Single by De La Soul featuring Devin and Yummy

from the album AOI: Bionix
- Released: November 6, 2001
- Recorded: 2001
- Genre: Hip hop
- Length: 3:50
- Label: Tommy Boy
- Songwriters: K. Mercer, D. Jolicoeur, V. Mason, D. West, E. Bingham, D. Copeland
- Producer: Dave West

De La Soul singles chronology
| "Thru Ya City" (2001) | "Baby Phat" (2001) | "Say "I Gotta Believe!"" (2002) |

Yummy Bingham singles chronology
|  | "Baby Phat" (2001) | "Much More" (2003) |

= Baby Phat (song) =

"Baby Phat" is the only official single from De La Soul's sixth studio album, AOI: Bionix, released in late 2001. The song was produced by Dave West and featured vocals from Devin the Dude and Yummy Bingham.

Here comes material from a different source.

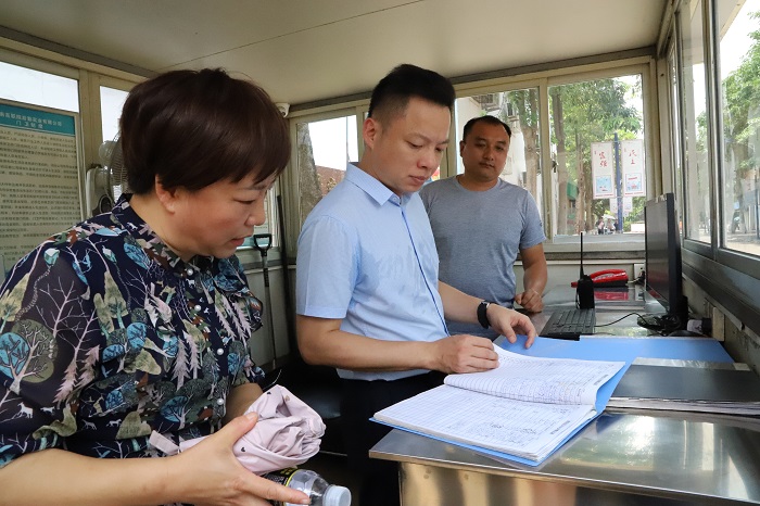 黨委副書記周炳才查看門崗值班記錄表(黨委宣傳部黃炳蔚攝影)
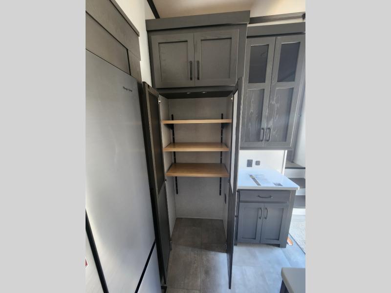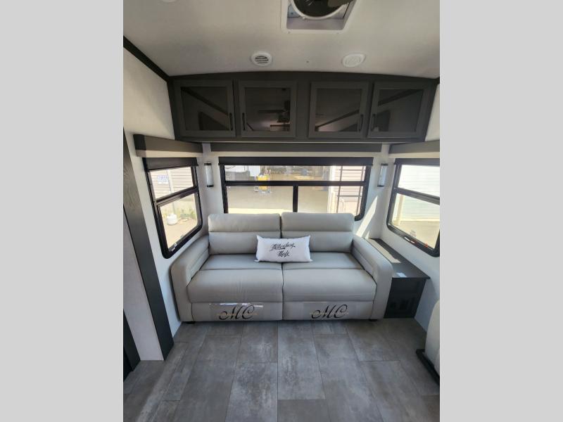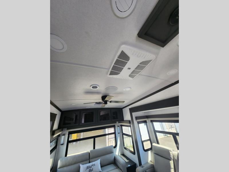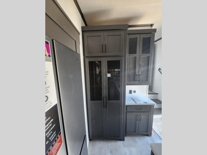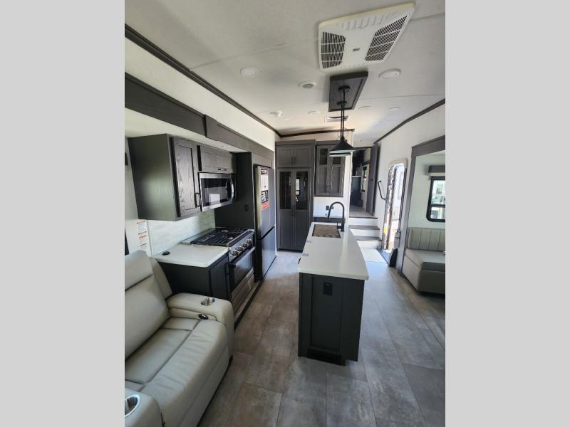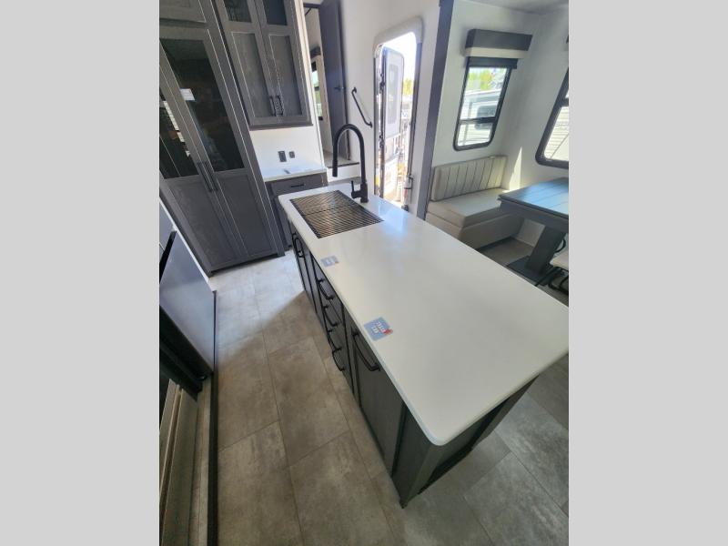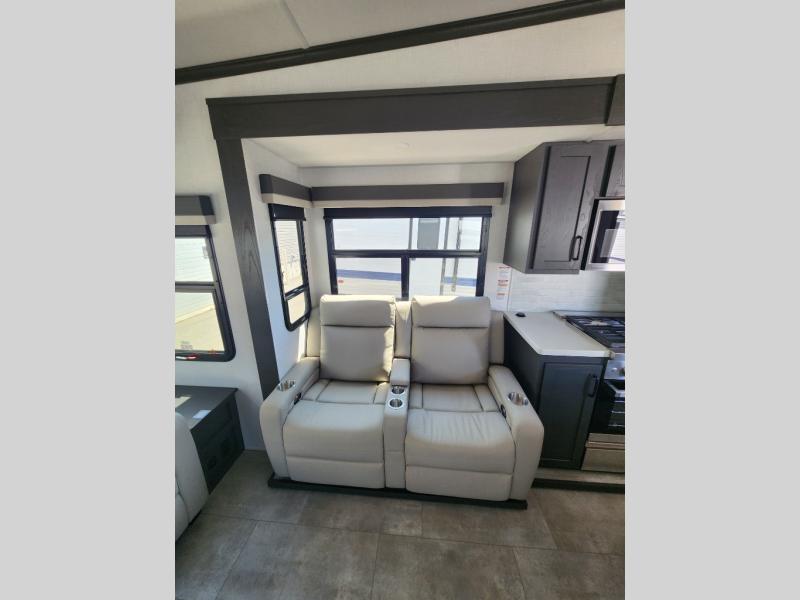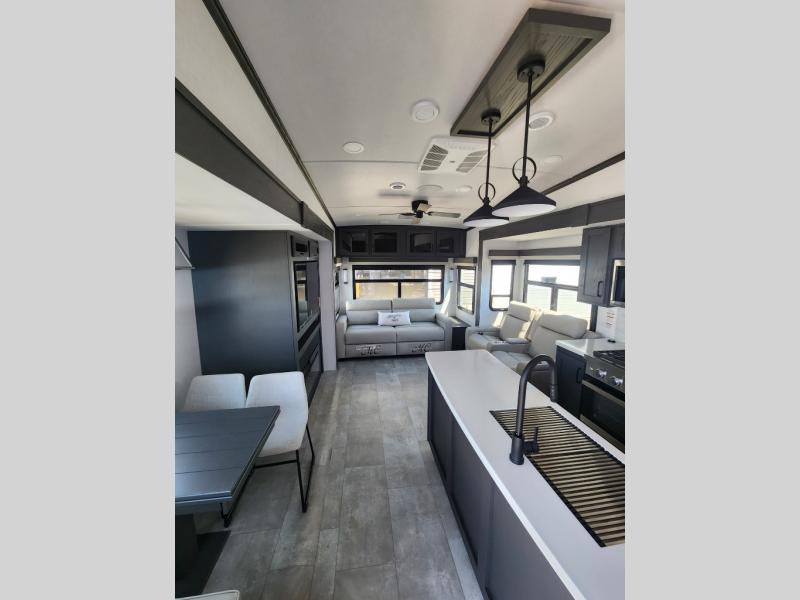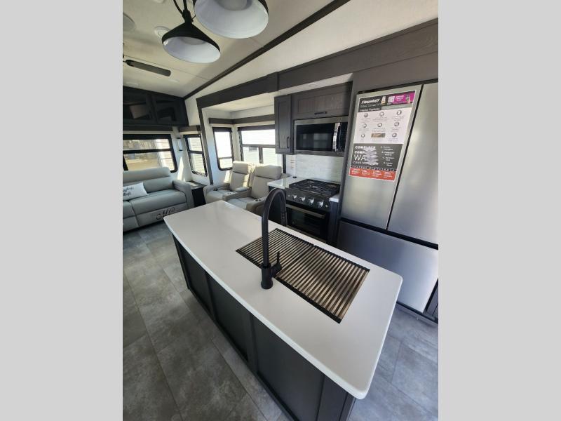 Get ready to enjoy the outdoors while inside with the enormous windows in both the rear and the door side slide of this fifth wheel. The spacious main living area offers dual opposing slides giving you a great place to invite other RVers over to visit, eat, and even play cards. There is seating for nine on the 39" chairs and bench, the theater seats, and the rear hide-a-bed sofa. The cook will have a large refrigerator to store lots of drinks and cold food, plus a pantry, and the center island offers extra counter space plus seating. After everyone has left, retire to the front bedroom with a king bed slide, a shirt closet, a wardrobe with washer/dryer prep, plus more storage and a TV option.

This single was the introduction for Yummy Bingham.

The song is an ode to "plus size" women, as Devin sings "Don't get stuck on the things they say, now you know it's a nasty world / Tryin' to get with ya anyway cause I know you're a nasty girl / We ain't never gon' discriminate so let me compliment your size"

The B-side of the 12" single is "Watch Out", also produced by Dave West and featuring samples from "Mood for Milt", and "Cubano Chant" by Latin musician Cal Tjader.

The single was released as a 12" vinyl single in the United States on November 6, 2001. The CD single is a UK edition, released on February 18, 2002, and reached number 55 in UK Singles chart.

==Track listing==
CD 1
1. "Baby Phat" (Album Version) (3:50)
  - Guest Appearances: Devin the Dude, Yummy Bingham
2. "Watch Out" (Album Version) (3:50)
3. "All Good" (Can 7 Supermarket Remix) (4:49)

CD 2
1. "Baby Phat" (Album Version) (3:50)
  - Guest Appearances: Devin the Dude, Yummy Bingham
2. "Baby Phat" (Clean Version) (3:50)
  - Guest Appearances: Devin the Dude, Yummy Bingham
3. "Baby Phat" (Video Version) (3:50)

12" release
1. "Baby Phat" (Clean) (3:50)
  - Guest Appearances: Devin the Dude, Yummy Bingham
2. "Baby Phat" (Dirty) (3:50)
  - Guest Appearances: Devin the Dude, Yummy Bingham
3. "Baby Phat" (Instrumental) (3:50)
4. "Watch Out" (Clean) (3:36)
5. "Watch Out" (Dirty) (3:36)
6. "Watch Out" (Instrumental) (3:36)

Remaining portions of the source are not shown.